Ce dernier pôle est mis en avant car les fondateurs d’AGROSOLIDARIA, vieillissant, souhaitent transmettre les valeurs et continuer les actions de la fédération. Ils essaient également d’encourager les jeunes à rester en campagne et garder leur autonomie au lieu de rejoindre les villes où l’absence de travail et l’enrôlement dans les guérillas les attendent.


Mario Bonilla Romero souligna également l’engagement d’AGROSOLIDARIA à mettre la pression au gouvernement, sur la politique agricole pour protéger et encourager l’agriculture familiale et indigène, reconnue par la FAO, comme seule solution à la souveraineté et sécurité alimentaire mondiale.


Sur cette conclusion Mario Bonilla Romero, curieux de connaître l’agriculture de Haute Loire, commença l’échange avec les élèves de l’ISVT en posant la question : « qui est fils/fille d‘agriculteur ? Que produisez-vous ? »

Les langues se délièrent rapidement entrainant des échanges et comparaisons de deux pays :

Un élève se demandait si les GAEC existaient en Colombie ? Très peu lui répondit-il.

« Comment se passe l’accès à la terre ? » demanda l’autre. Mario lui répondit que la majorité sont privées, au prix de 2000€ l’hectare en moyenne dans sa région.

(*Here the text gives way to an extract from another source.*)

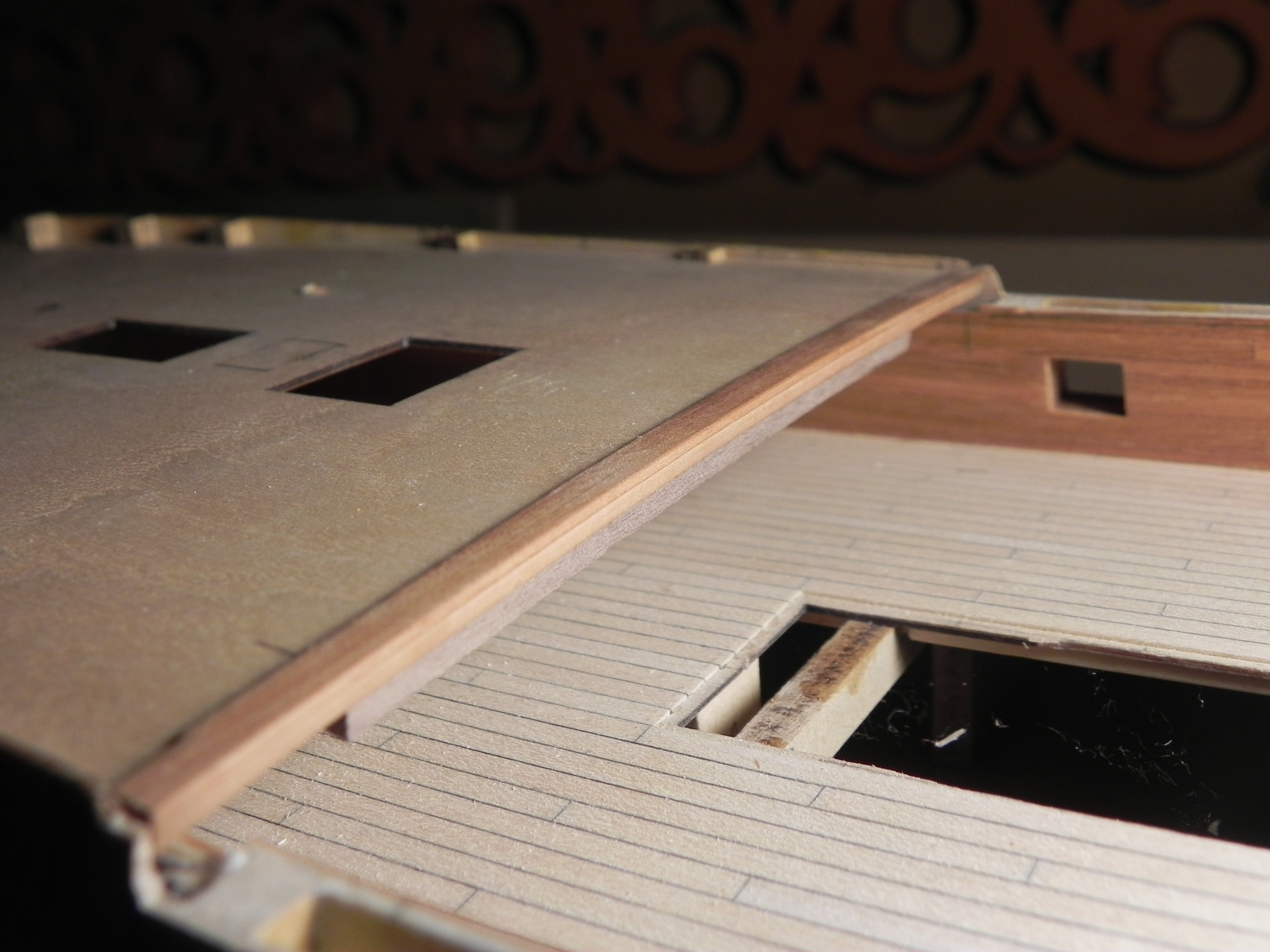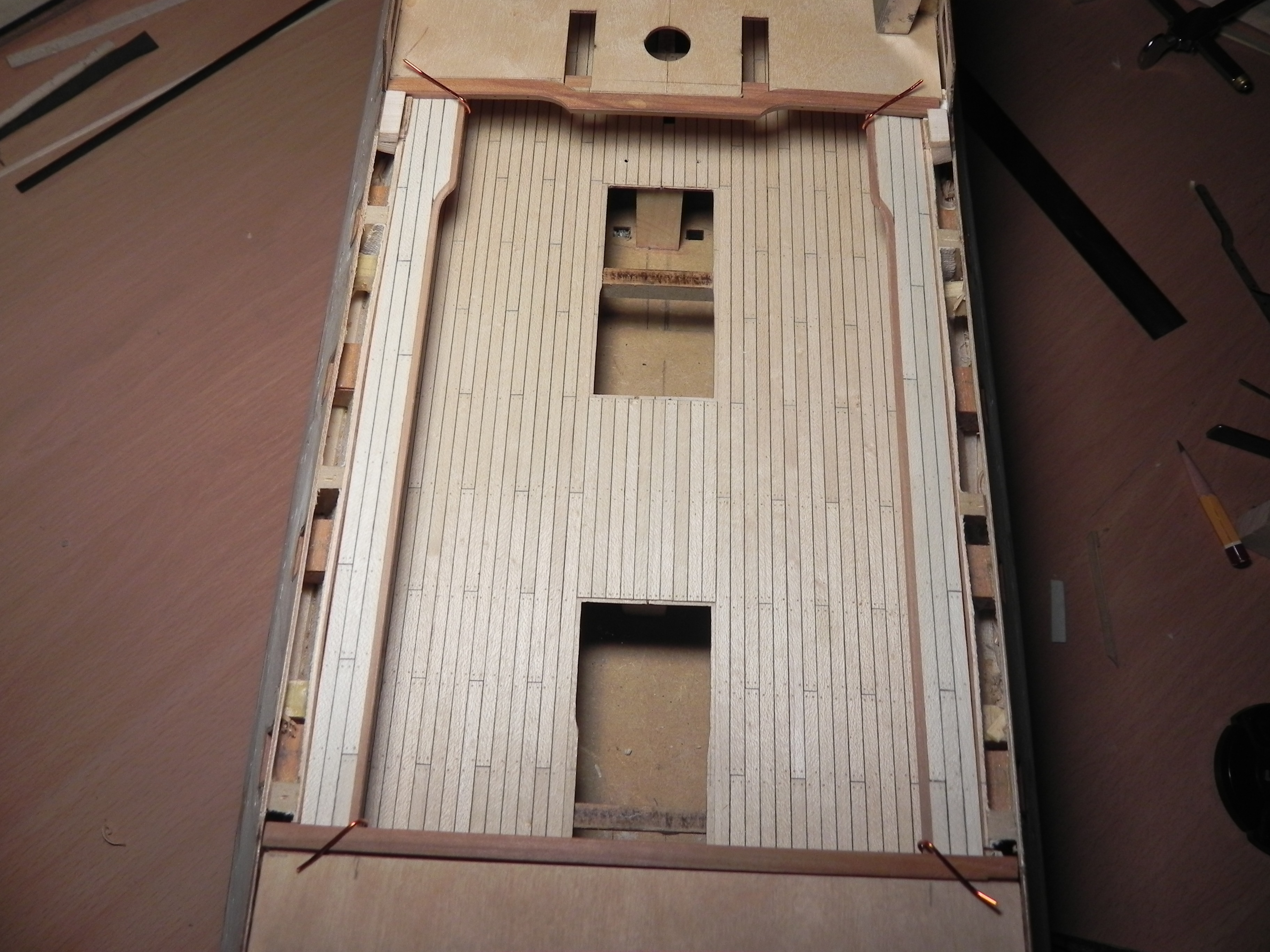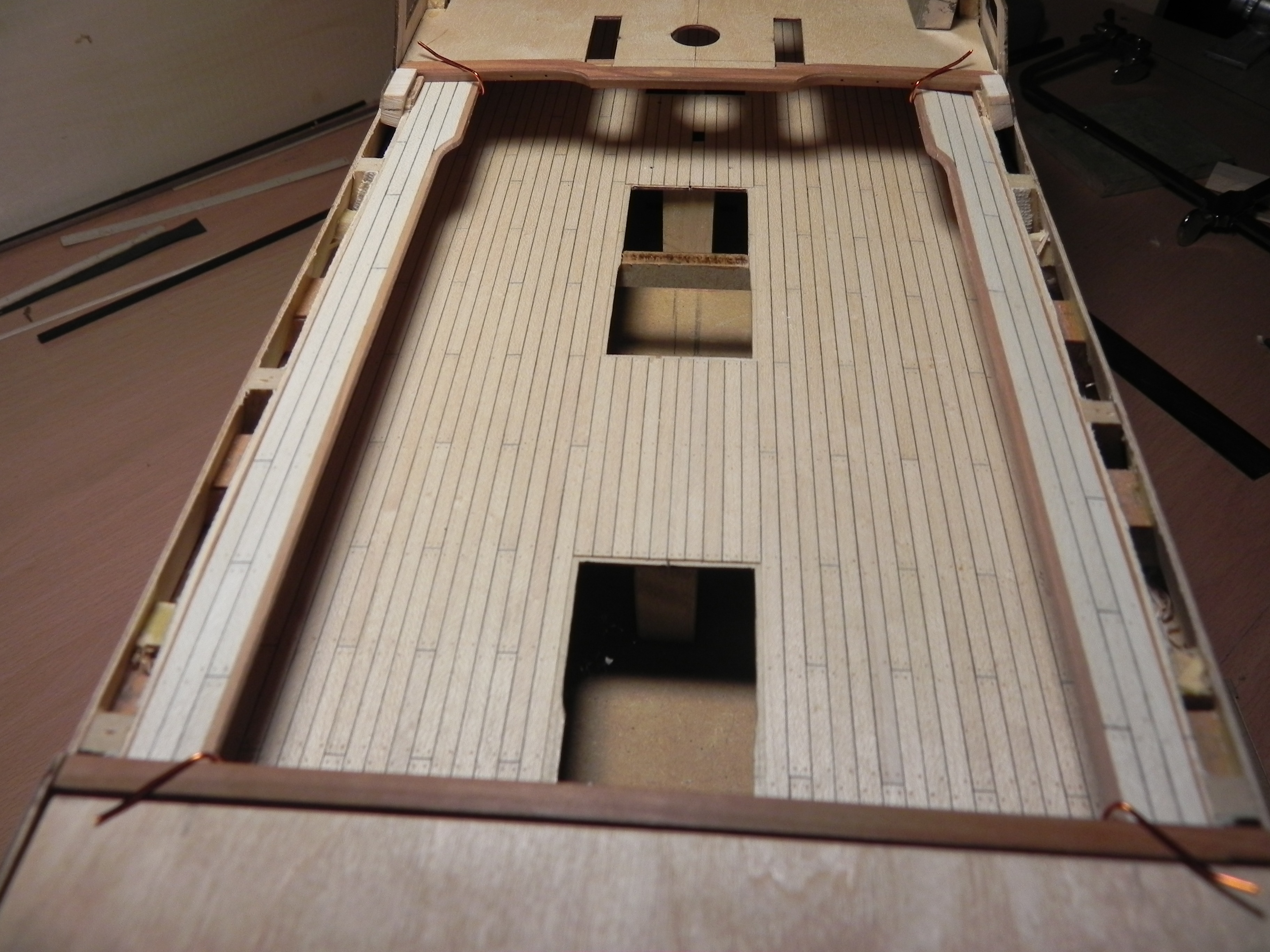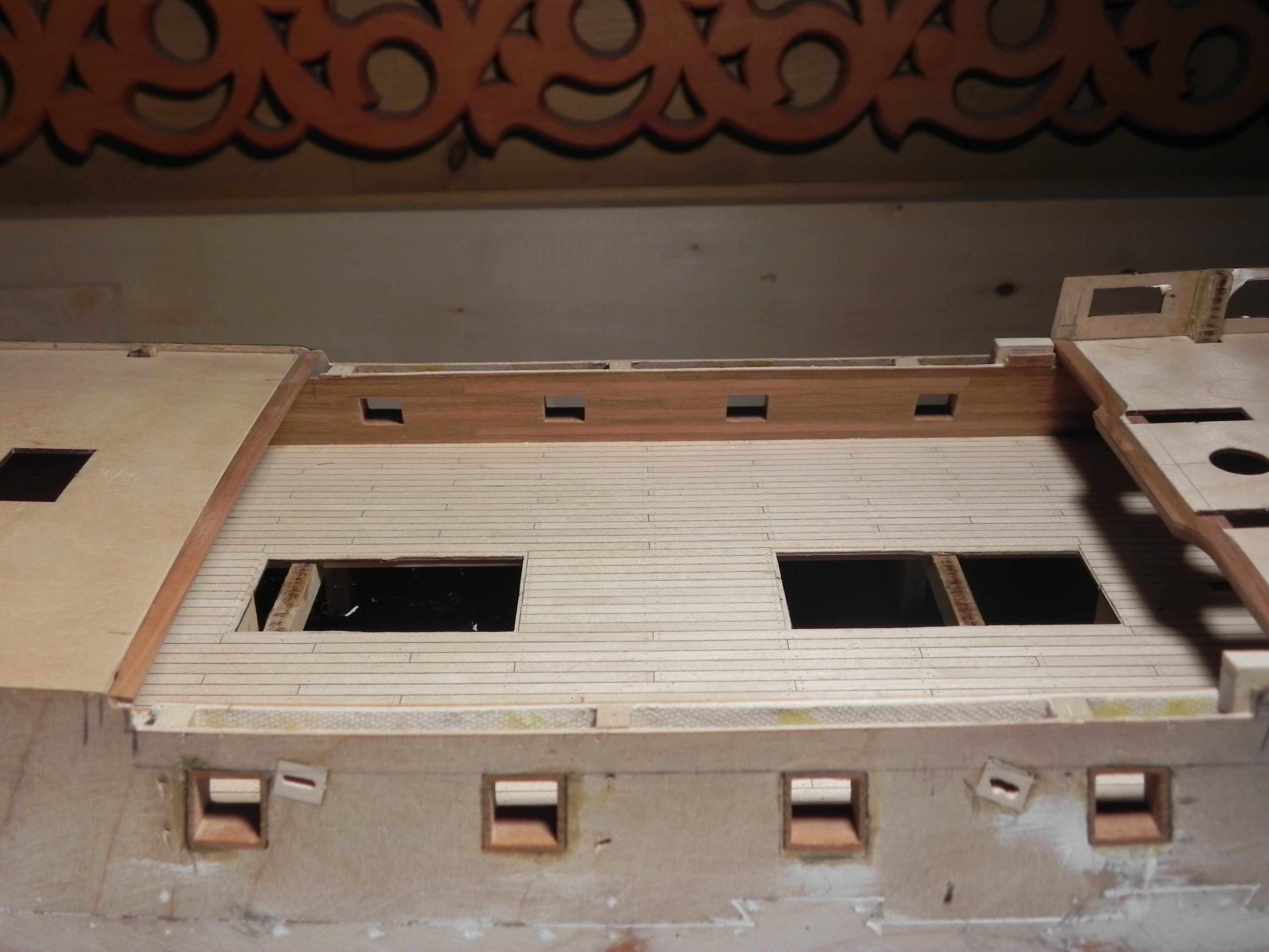 Всем добрый вечер. Что успел сделать за это время, показываю. Сделал новые бимсы, вырезал на торцевой их части рельеф. Долго экспериментировал и самый простой рельеф оказался лучше сложных. Заузил их как на фото Игоря, даже один из них из разного дерева,когда полерну и покрою чем нибудь будет видно хорошо. Сделал мостки,выбирал форму, нехотел прямые, ну судите сами. Придется чуть поднимать борт, пилил под бимсы из комплекта, а они толще, надо снова наращивать. Кто это проходил, прошу делать замечания, пока еще ничего не закреплял , можно переделать .
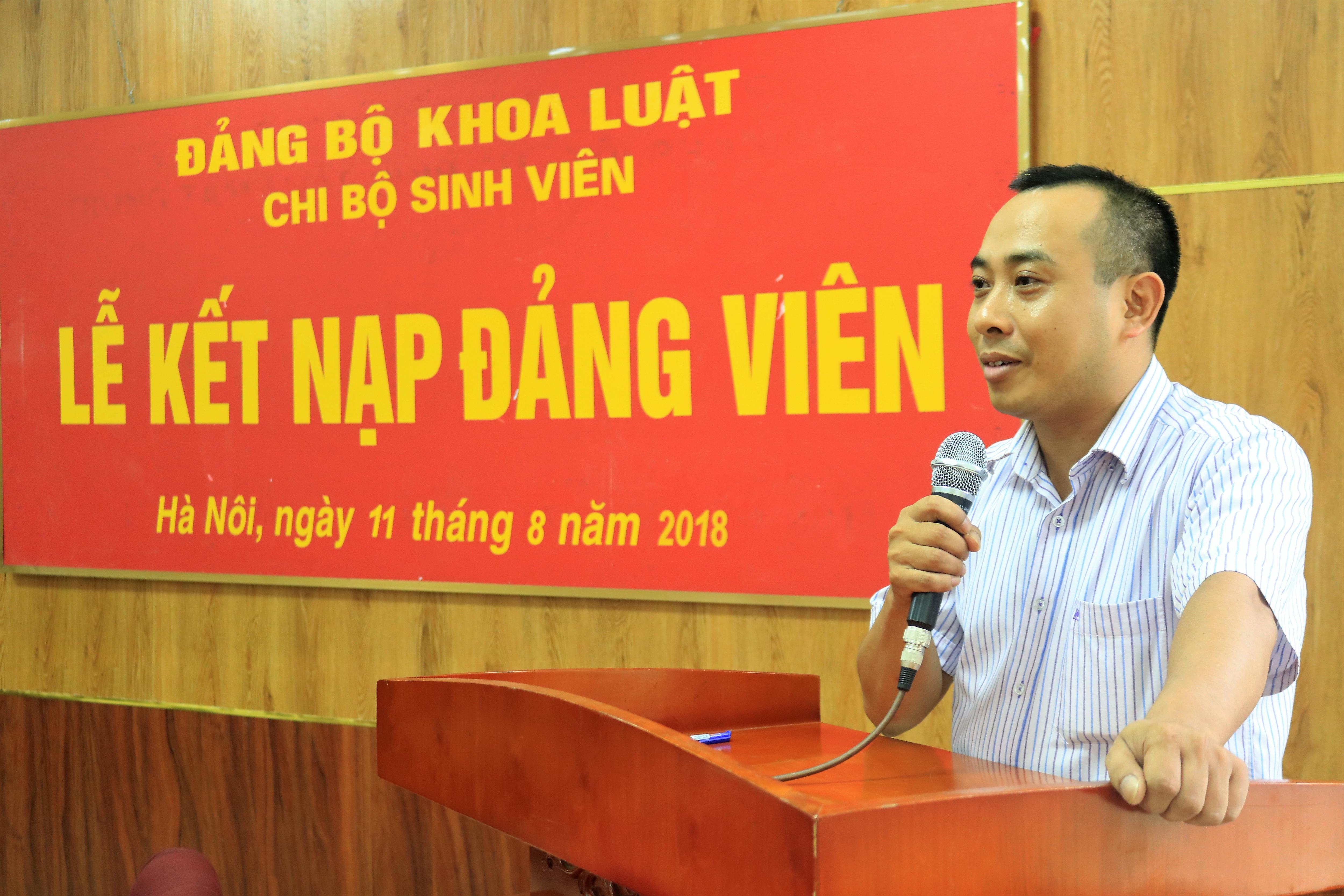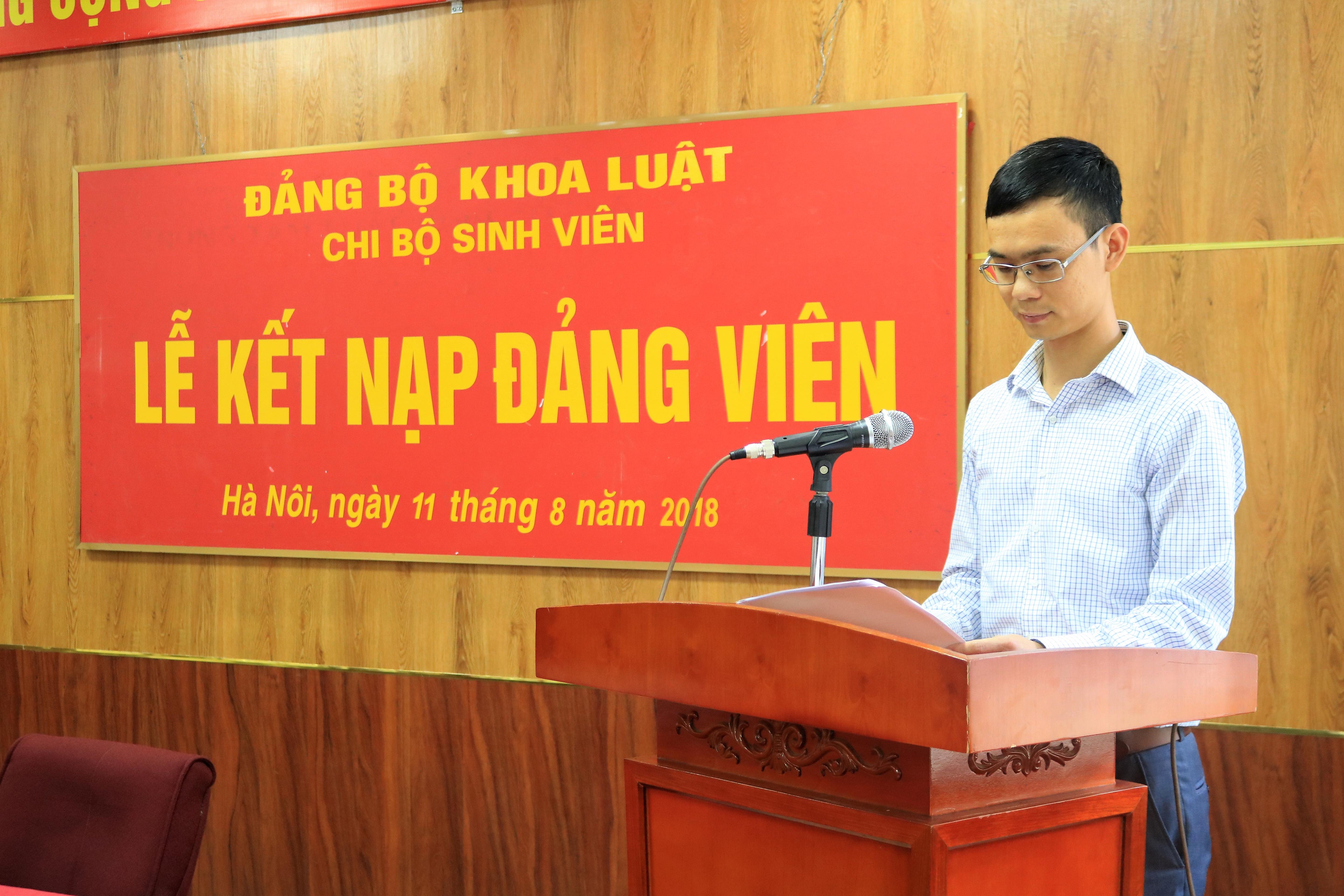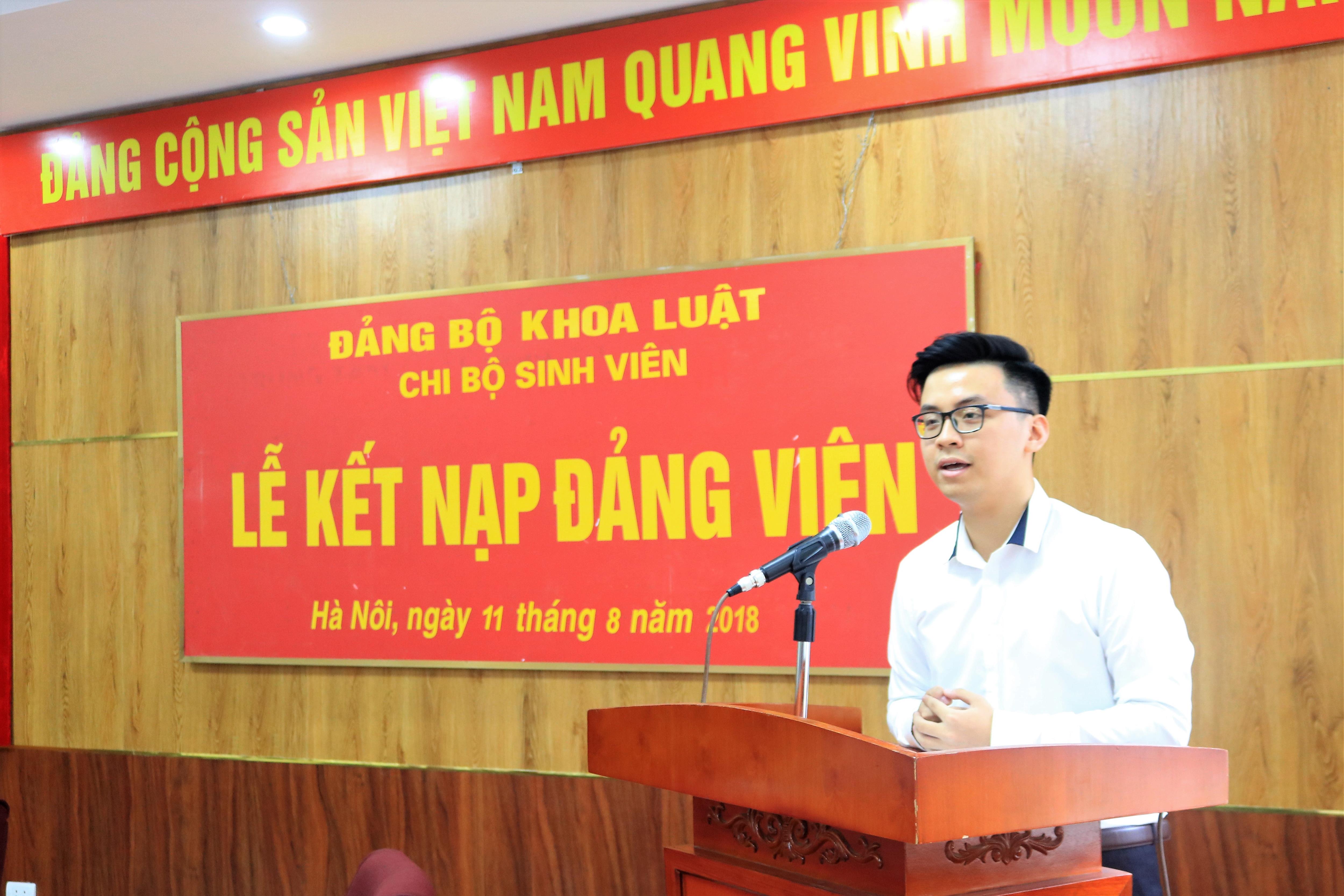 Là nhiệm vụ thường xuyên và có ý nghĩa quan trọng trong công tác xây dựng Đảng, ngày 11/8/2018, được sự đồng ý của Đảng ủy Khoa Luật, Chi bộ Sinh viên đã tổ chức Lễ kết nạp đảng viên cho các đồng chí: Nguyễn Minh Hải, Trần Đăng Ngọc Sơn, Nguyễn Thị Thanh Tú, Nguyễn Thị Phương, Nguyễn Thu Hà, Nguyễn Lan Chi, Vũ Đình Hoàng.

Seule la forêt amazonienne appartient à l’Etat qui donnait auparavant ces terres aux indigènes, les vendent désormais aux grandes groupes internationaux pour recevoir des dividendes.

« Seulement 3 hectares en moyenne ! » Un jeune lui demanda s’ils arrivaient à vivre avec leurs productions.
Mario le rassura en lui disant qu’ils ont souvent une autre activité à côté. A partir de 13 hectares, une famille en polyculture/élevage peut vivre des activités de la ferme.

« Avez-vous du matériel agricole ? » Question qui brulait les lèvres de plusieurs… Très peu car ce sont des petites parcelles. Les associations locales ont un motoculteur ou tracteurs pour plusieurs familles.

Enfin un étudiant en BTS GEMEAU se demandait comment venir en Colombie, que les guides de voyage déconseillent à cause de l’insécurité du pays. Mario Bonilla Romero lui répondit que la fédération accueillait de nombreux volontaires européens sans danger car ils ont conclu un pacte de paix avec les guérillas assurant ainsi la sécurité de ces personnes.

 

L’ISVT tient à remercier Mario Bonilla Romero et le CCFD pour ce bel et riche échange permettant aux élèves, une ouverture sur le monde. Cette intervention a permis d’élargir leur regard sur les problématiques mondiales du développement durable et d’établir des liens entre le développement des pays du Sud et ceux du Nord.